The project, which has been funded by around 700 supporters on the crowdfunding site Kickstarter, doesn’t employ conventional animation to generate the walking and running of its creatures. Rather, their movements are driven by each creature’s own AI. “I’ve ‘wired’ dozens of virtual muscles directly to each creature’s ‘brain,’ ” he says. “These interact with a physics engine, so that movements and choices are as real as possible.”

This is just part of Grand’s unconventional approach to fostering AI. “Most AI work starts out with the mistaken assumption that the brain is a computer and thought is an algorithm,” he says. Grand is instead attempting to determine the behavior of his creatures through the arrangement and interactions of simple virtual neurons, enzymes, receptors, and genes. His aim is to replicate the way in which living organisms work. “Neurons send point-to-point signals, but many of the computations performed by living organisms are more spread out and diffuse,” he says.

Grand believes that he has found a way to imbue each creature with some form of imagination. “The Norns merely reacted to events in the world and learned passively how to react better in the future,” he says. “My new creatures have the beginnings of a proper mental life. I’m sure a lively debate will take place among philosophers of mind about these things, but I do think I finally know how to give my creatures the rudiments of an imagination.”

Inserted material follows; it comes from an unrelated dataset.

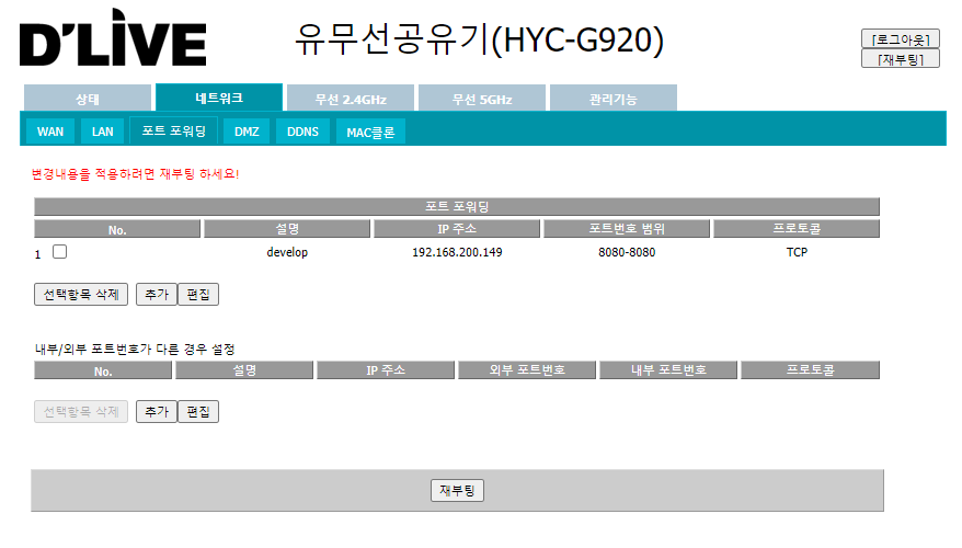 필자는 딜라이브 공유기를 사용하므로 딜라이브 공유기 환경설정 페이지로 이동하겠다.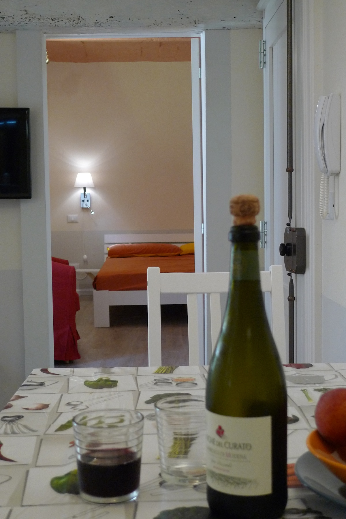 Delightful two-room apartment located in a historic building in the center of Modena, strategically located for walking to the historic center and the city's main attractions. Novi Park covered parking is located in front of the apartment, and the train and bus stations are less than a 10-minute walk away. Enjoy a fantastic view of the Ghirlandina Tower and the city rooftops. The peaceful and quiet atmosphere will make your stay unforgettable.

Despite these extravagant claims, Grand struggles to earn a living. He subsists on the financial support of two close friends and the Kickstarter donations he received at the start of the project. Nevertheless, he believes the work is not only worthwhile but necessary. “By creating alternative kinds of life, I hope to encourage people to ask deep and important questions about their own lives,” he says. “What does it mean to be alive, to be conscious, to be hurt, to be ethical? Artificial life can help to shed a little light on all these things. It’s the science of us, as seen in the reflections of aliens.”